__EXERCISE DESCRIPTION__:
Go through the listing below and repeat it exactly, omitting each picture.

** Opening SOURCE DATA block **

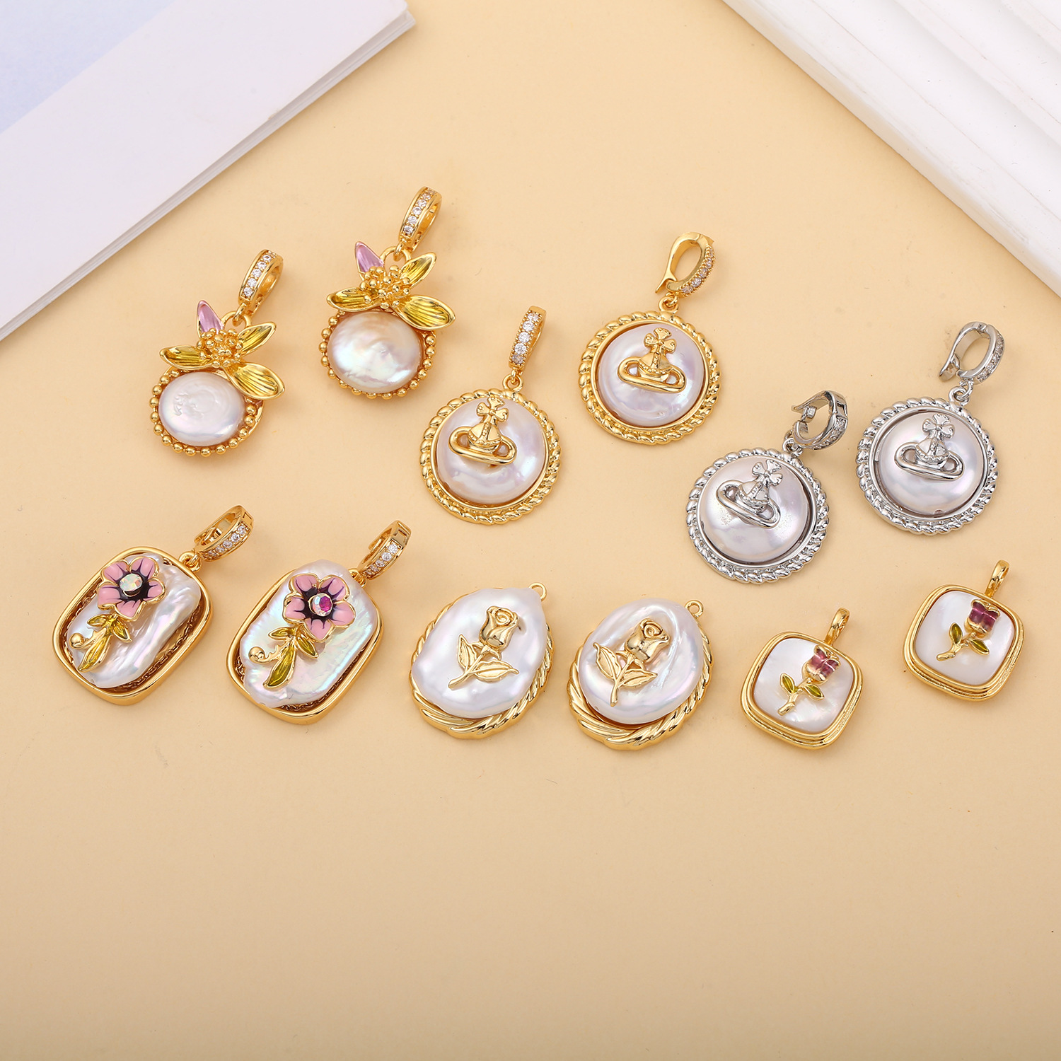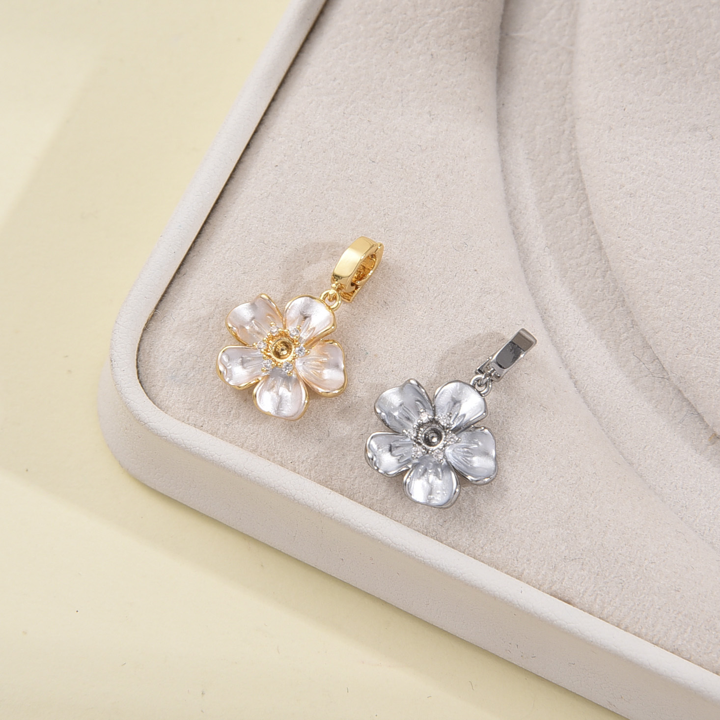 山茶花淡水珍珠空托油画风吊坠挂件diy手链项链饰品配件铜镀18k金
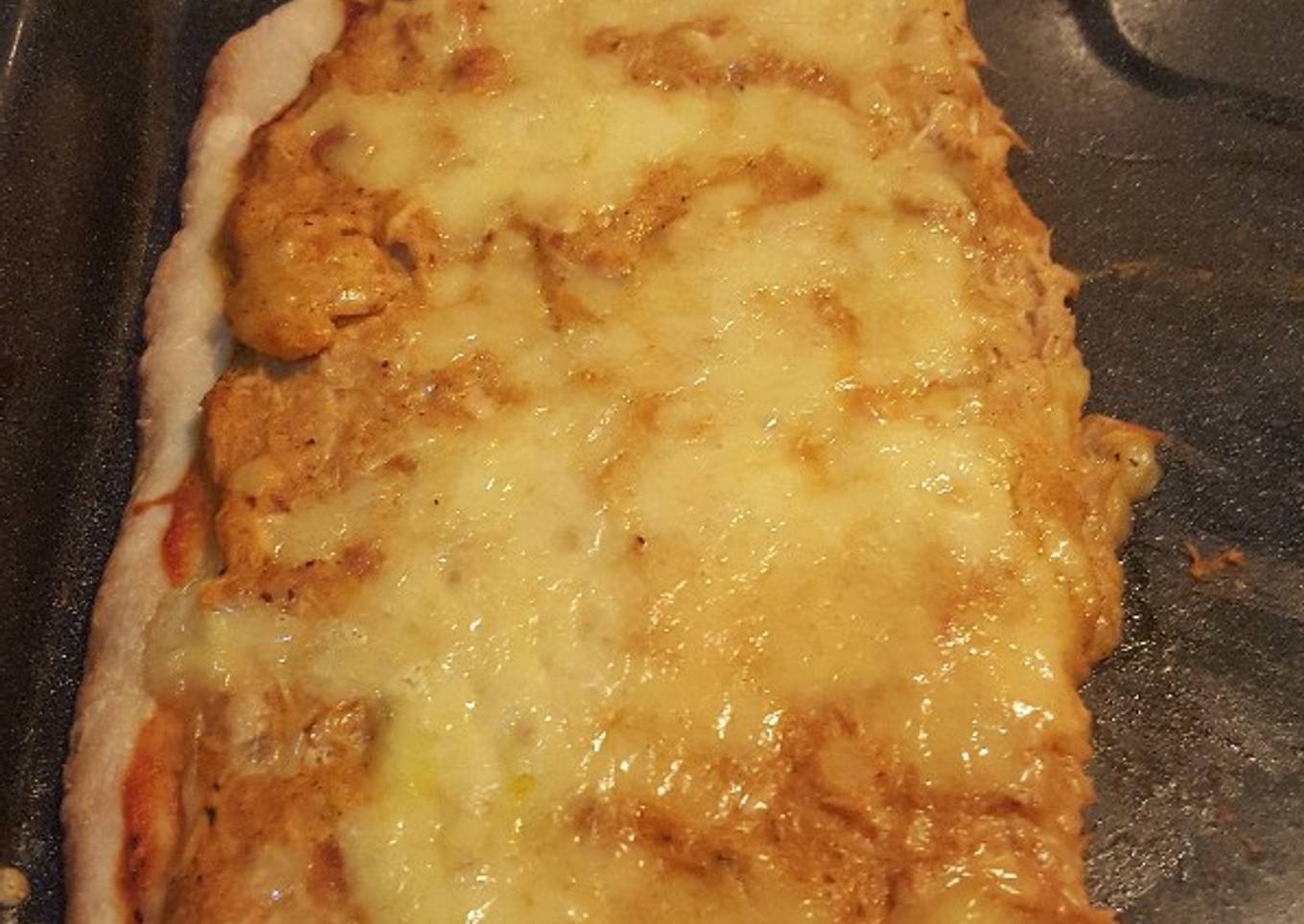 - En una bandeja para horno engrasada extender la masa con las manos. Llevar al horno por 10 minutos. Pasado ese tiempo sacar del horno y agregar la salsa de tomate queso, el pollo, la crema de leche y más queso parmesano rallado por encima. Llevar al horno por 15 minutos más.
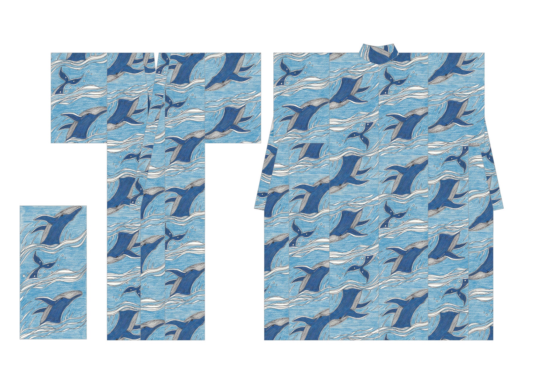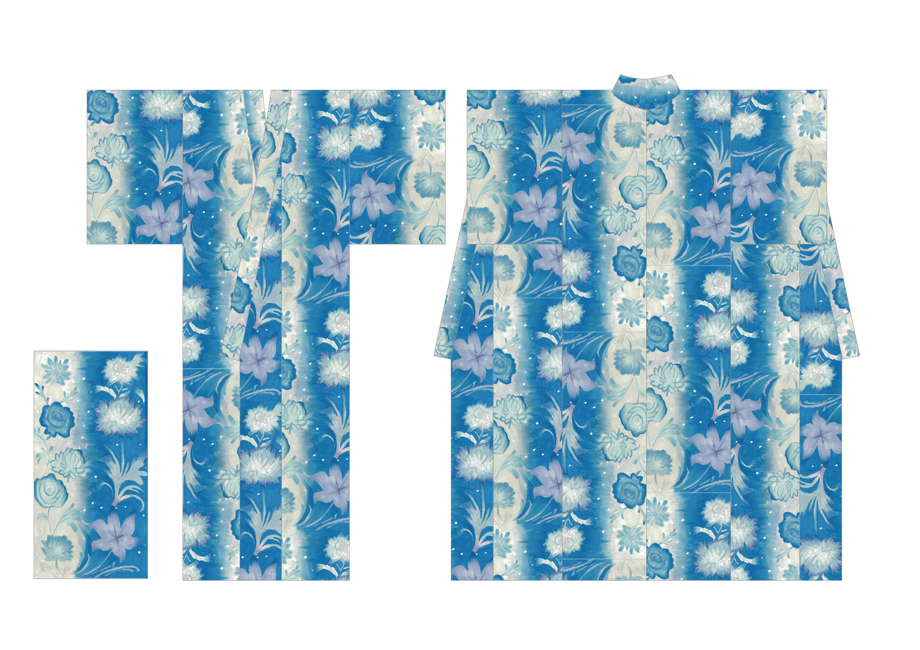作者の想い:「青い鳥」の童話を基に、幸せはすぐそばにあるというメッセージを込めました。白地に花火柄を配し、青をより引き立てています。

** Closing SOURCE DATA block **

__SOLUTION__:
 山茶花淡水珍珠空托油画风吊坠挂件diy手链项链饰品配件铜镀18k金
 - En una bandeja para horno engrasada extender la masa con las manos. Llevar al horno por 10 minutos. Pasado ese tiempo sacar del horno y agregar la salsa de tomate queso, el pollo, la crema de leche y más queso parmesano rallado por encima. Llevar al horno por 15 minutos más.
作者の想い:「青い鳥」の童話を基に、幸せはすぐそばにあるというメッセージを込めました。白地に花火柄を配し、青をより引き立てています。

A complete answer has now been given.